_Task details_
Find the line with "행사는 보성군수의 환영" in the entries below, then output every line from it down to the line with "Women's Bodycon Mini", exactly and with no pictures.

_Dataset entries_

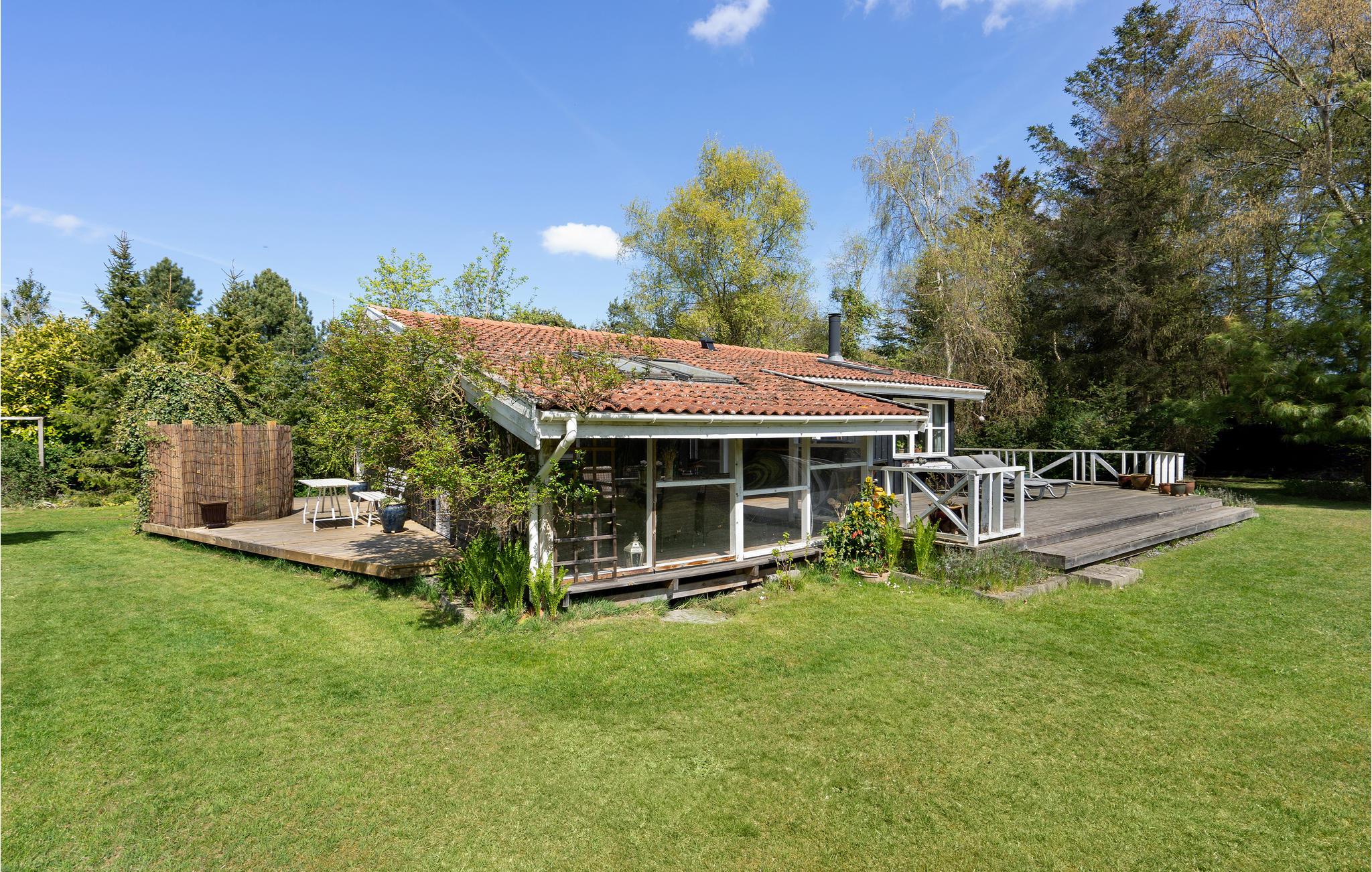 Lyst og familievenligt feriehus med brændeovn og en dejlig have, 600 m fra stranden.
...
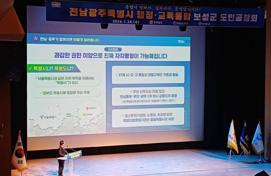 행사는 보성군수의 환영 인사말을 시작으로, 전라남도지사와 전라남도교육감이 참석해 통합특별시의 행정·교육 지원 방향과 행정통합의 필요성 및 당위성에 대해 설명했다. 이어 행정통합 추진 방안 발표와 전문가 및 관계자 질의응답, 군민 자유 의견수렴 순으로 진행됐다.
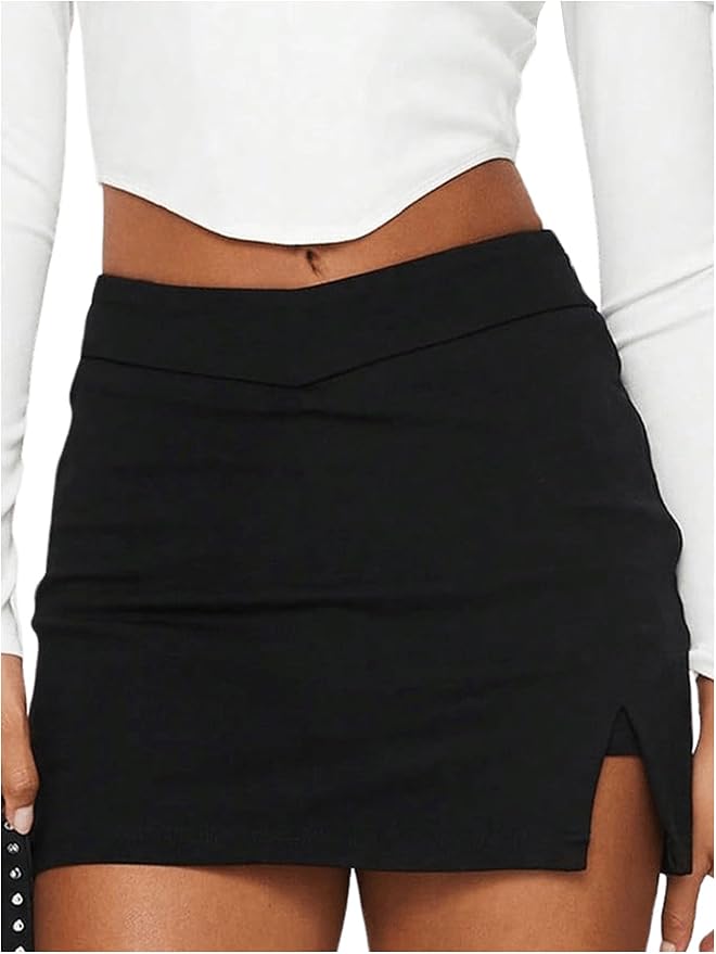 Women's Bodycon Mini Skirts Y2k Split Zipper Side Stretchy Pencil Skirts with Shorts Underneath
--
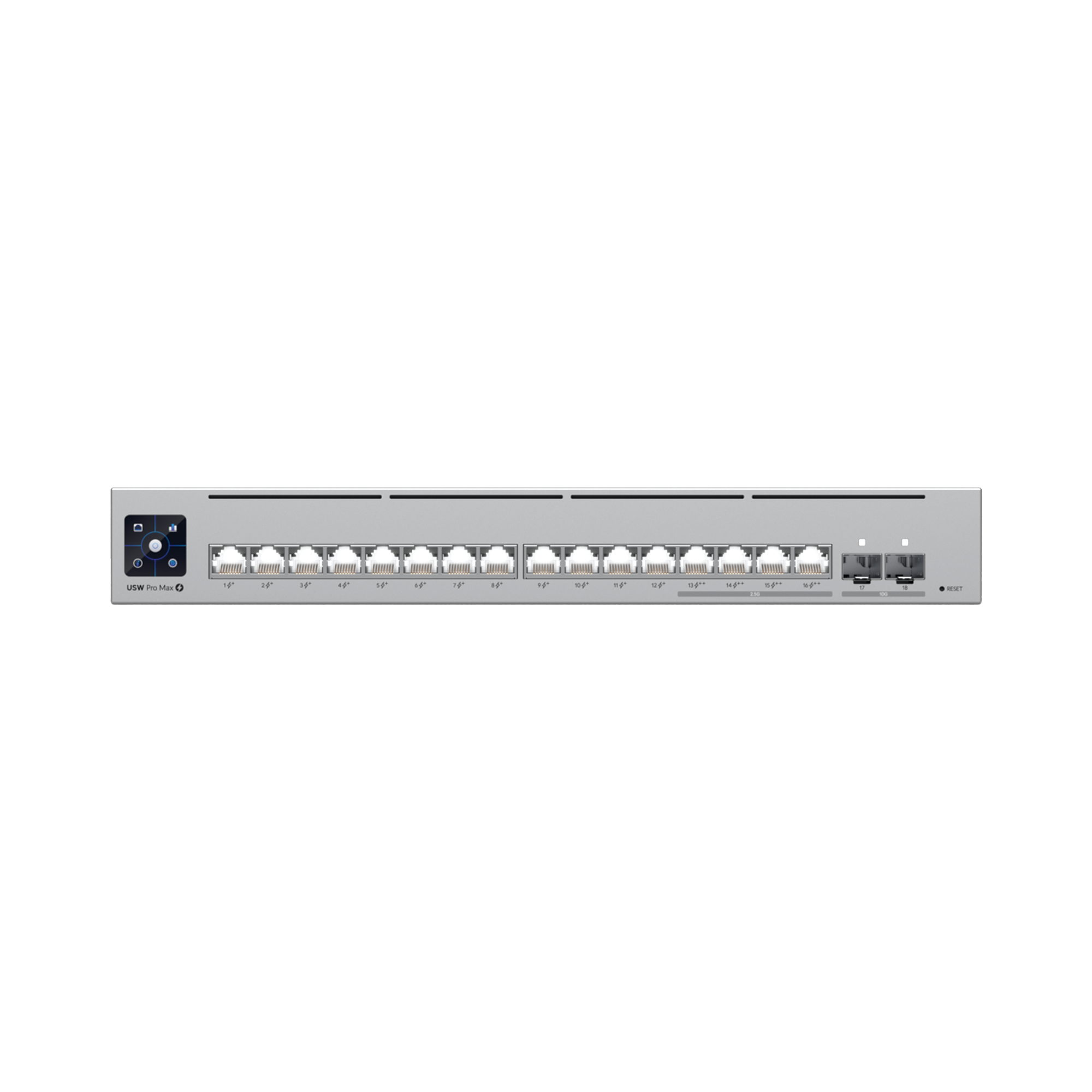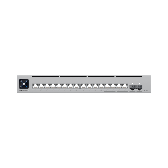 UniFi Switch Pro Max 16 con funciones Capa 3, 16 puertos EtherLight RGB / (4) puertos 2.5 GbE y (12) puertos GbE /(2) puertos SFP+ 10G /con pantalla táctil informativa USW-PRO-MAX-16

_Written solution_
 행사는 보성군수의 환영 인사말을 시작으로, 전라남도지사와 전라남도교육감이 참석해 통합특별시의 행정·교육 지원 방향과 행정통합의 필요성 및 당위성에 대해 설명했다. 이어 행정통합 추진 방안 발표와 전문가 및 관계자 질의응답, 군민 자유 의견수렴 순으로 진행됐다.
 Women's Bodycon Mini Skirts Y2k Split Zipper Side Stretchy Pencil Skirts with Shorts Underneath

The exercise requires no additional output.